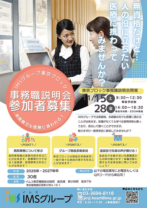 ◎イムス東京葛飾総合病院(東京都葛飾区)にて事務職就職説明会実施予定!!
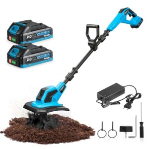 Yofidra Akku-Bodenhacke Gartenfräse - 600W Motorhacke mit 23cm Arbeitsbreite, 17cm Arbeitstiefe, LED-Anzeige, 2x2.0Ah Akku, 4x12 Zähne Bodenfräse für Bodenbearbeitung, Elektro-Tiller für Garten
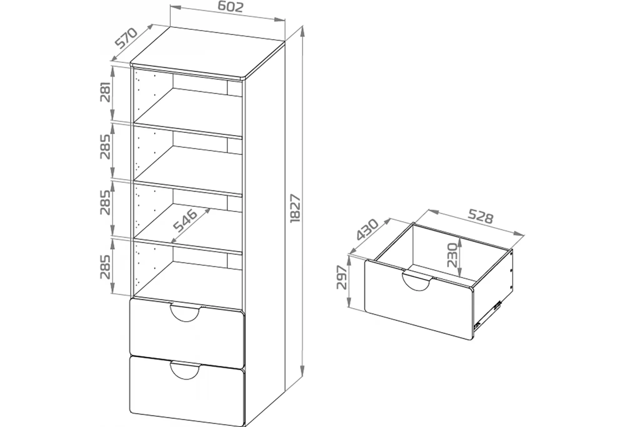S02542 ПИКСИ стеллаж с 2 ящиками 60x57x183, мечтательный пион
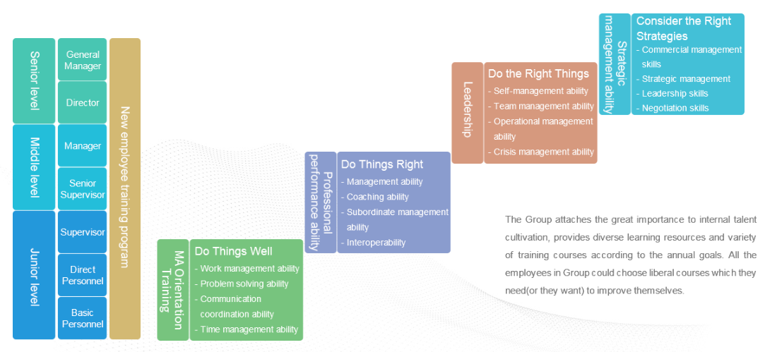Professional talent is an important asset to the Group. Only by continuously enhancing the overall capabilities of the group can we create advantages for the group to continuously advance to the top; we provide a complete training system and development planning to improve professional management abilities and encourage employees to engage in self-development. Through the regular updating of the management training blueprint, the staff can follow the map, understand the professional knowledge required at each stage of the position, and work in four main directions:
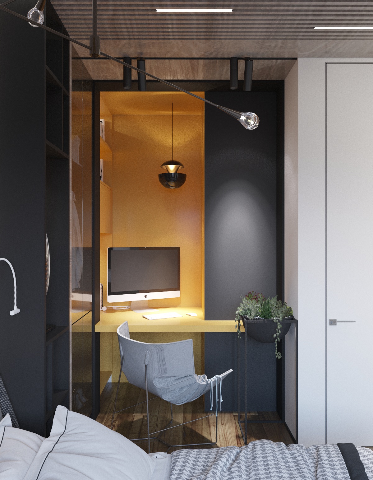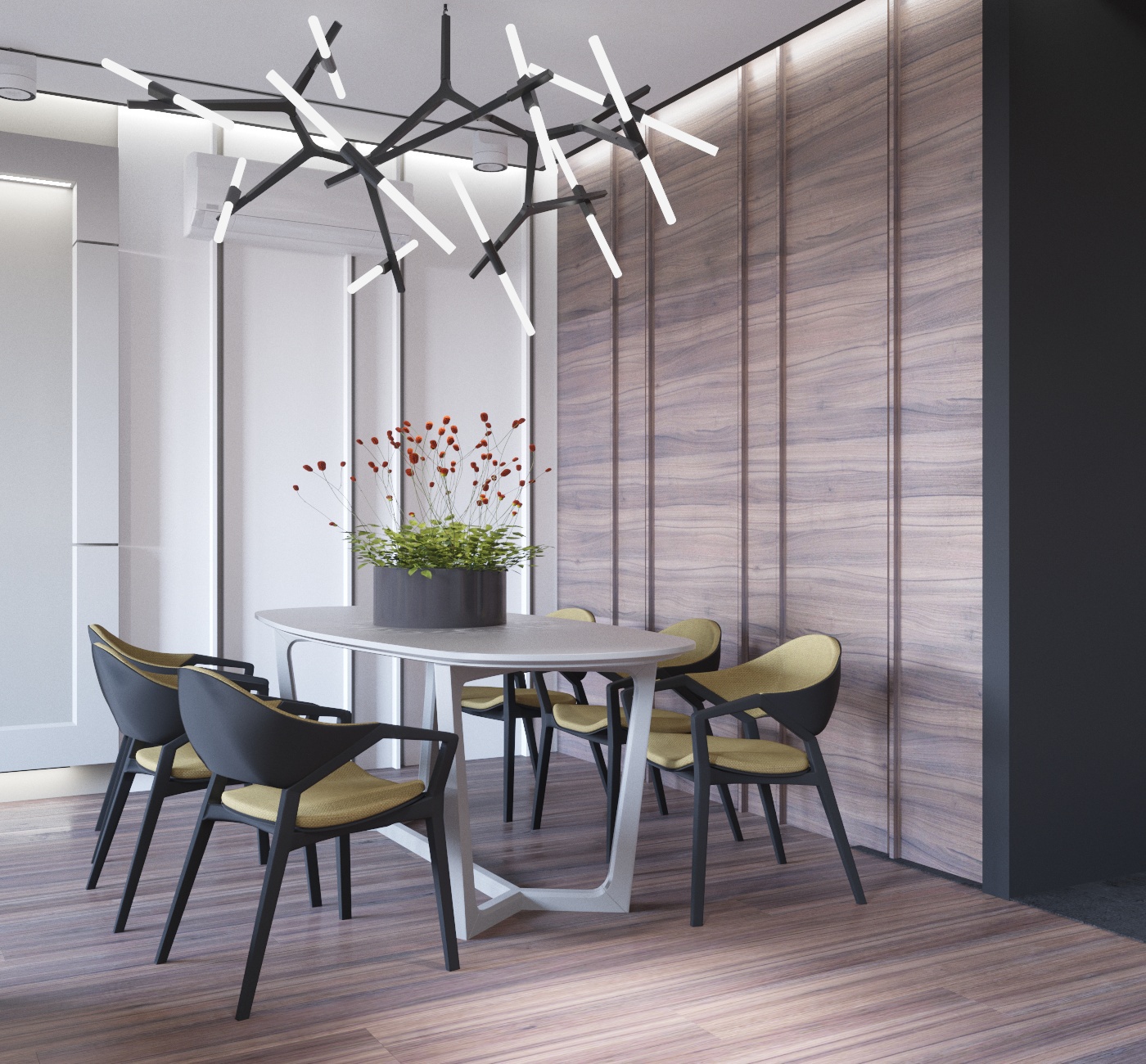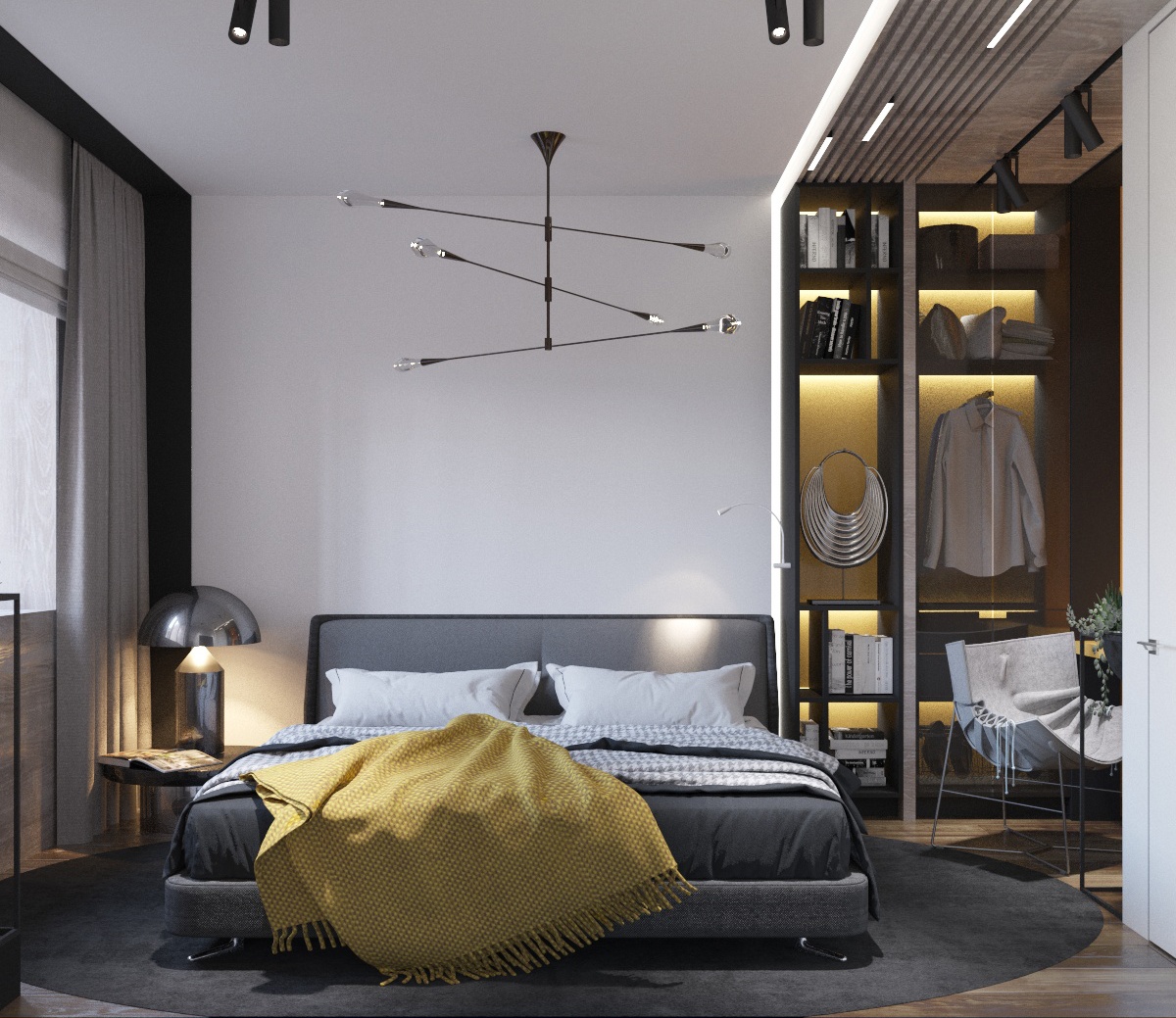 В проекте использовали темные акценты, натуральные материалы с добавлением желтого цвета и графичных элементов, основной фон светлый.

----

**PROBLEM STATEMENT**
An answer that restates all the entries exactly and drops the images is what is needed.

**ANSWER TO THE PROBLEM**
 ◎イムス東京葛飾総合病院(東京都葛飾区)にて事務職就職説明会実施予定!!
 Yofidra Akku-Bodenhacke Gartenfräse - 600W Motorhacke mit 23cm Arbeitsbreite, 17cm Arbeitstiefe, LED-Anzeige, 2x2.0Ah Akku, 4x12 Zähne Bodenfräse für Bodenbearbeitung, Elektro-Tiller für Garten
S02542 ПИКСИ стеллаж с 2 ящиками 60x57x183, мечтательный пион
Professional talent is an important asset to the Group. Only by continuously enhancing the overall capabilities of the group can we create advantages for the group to continuously advance to the top; we provide a complete training system and development planning to improve professional management abilities and encourage employees to engage in self-development. Through the regular updating of the management training blueprint, the staff can follow the map, understand the professional knowledge required at each stage of the position, and work in four main directions:
 В проекте использовали темные акценты, натуральные материалы с добавлением желтого цвета и графичных элементов, основной фон светлый.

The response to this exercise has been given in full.